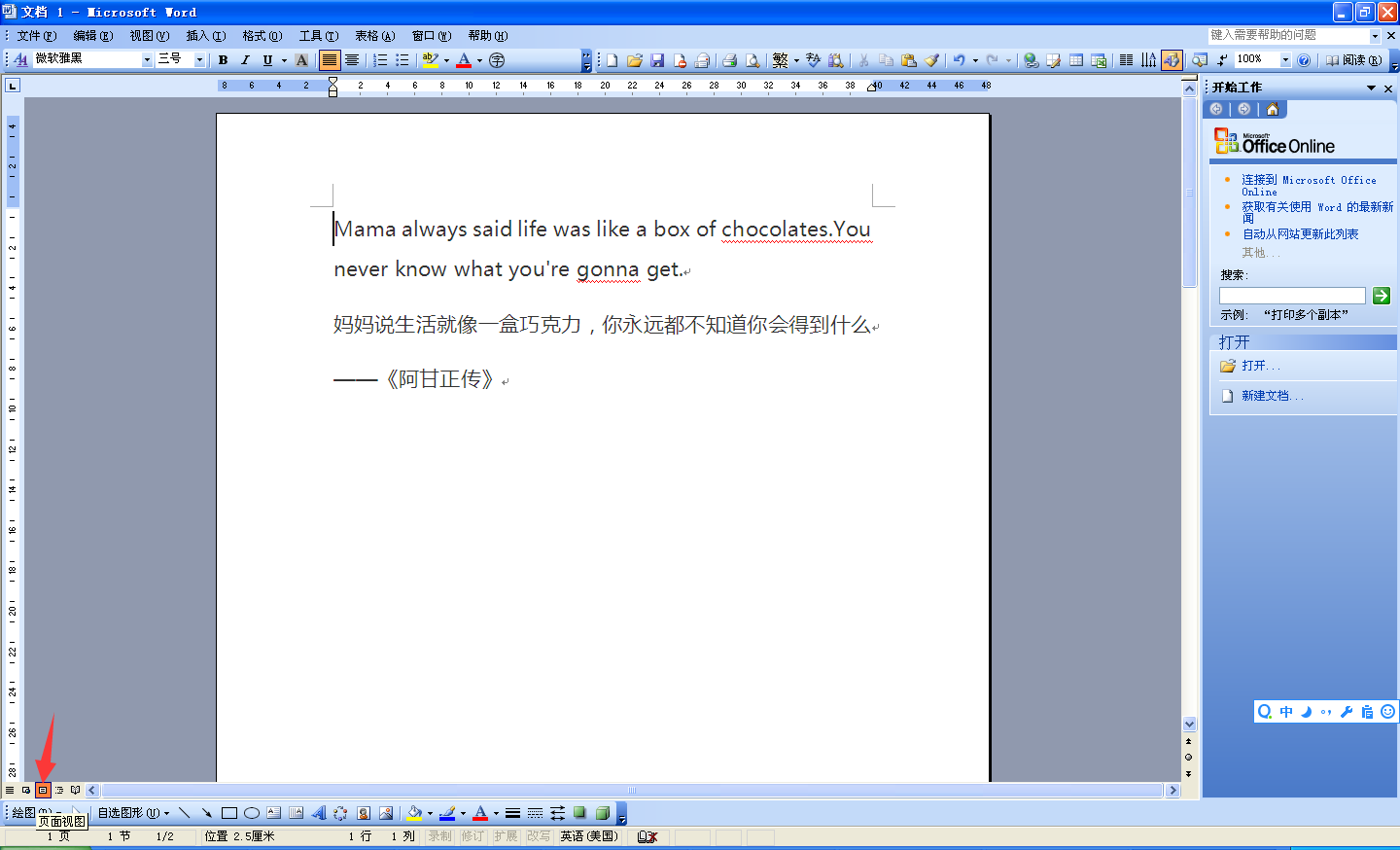 4、点击word屏幕下方的页面视图。效果如下图所示。
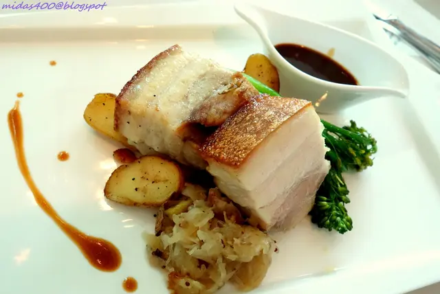 My main course, Roasted Pork Belly with Sauerkraut $28++, served with broccolini, roasted fingerling potato and cider infused brown jus.
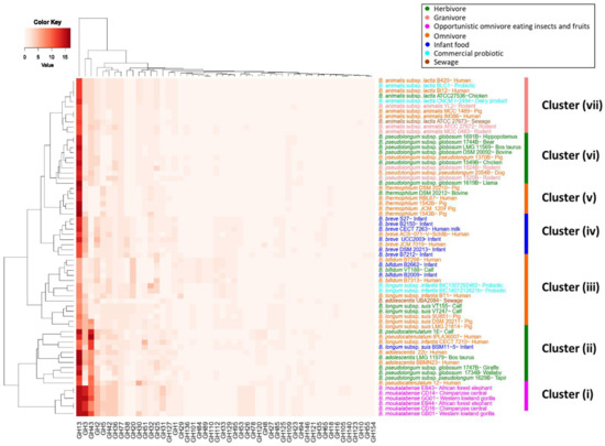 Clustering of 66 strains isolated from different sources based on their GHs. Heatmap displays the number of genes in GH families. Strains were colored according to their host dietary patterns as in the upper box. Strains were clustered in seven major groups: Cluster (i) Opportunistic omnivore; Cluster (ii) and Cluster (vi) Herbivore; Cluster (iii) and Cluster (v) Omnivore; Cluster (iv) Infant food; and Cluster (vii) Granivore and Insectivore.
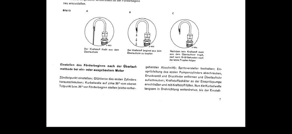 Die Einspritzpumpe wurde heute (Förderbeginn) eingestellt

=======

--- Activity ---
Transcribe the full listing above exactly as it stands, minus the pictures.

--- Expected answer ---
 4、点击word屏幕下方的页面视图。效果如下图所示。
 My main course, Roasted Pork Belly with Sauerkraut $28++, served with broccolini, roasted fingerling potato and cider infused brown jus.
 Clustering of 66 strains isolated from different sources based on their GHs. Heatmap displays the number of genes in GH families. Strains were colored according to their host dietary patterns as in the upper box. Strains were clustered in seven major groups: Cluster (i) Opportunistic omnivore; Cluster (ii) and Cluster (vi) Herbivore; Cluster (iii) and Cluster (v) Omnivore; Cluster (iv) Infant food; and Cluster (vii) Granivore and Insectivore.
 Die Einspritzpumpe wurde heute (Förderbeginn) eingestellt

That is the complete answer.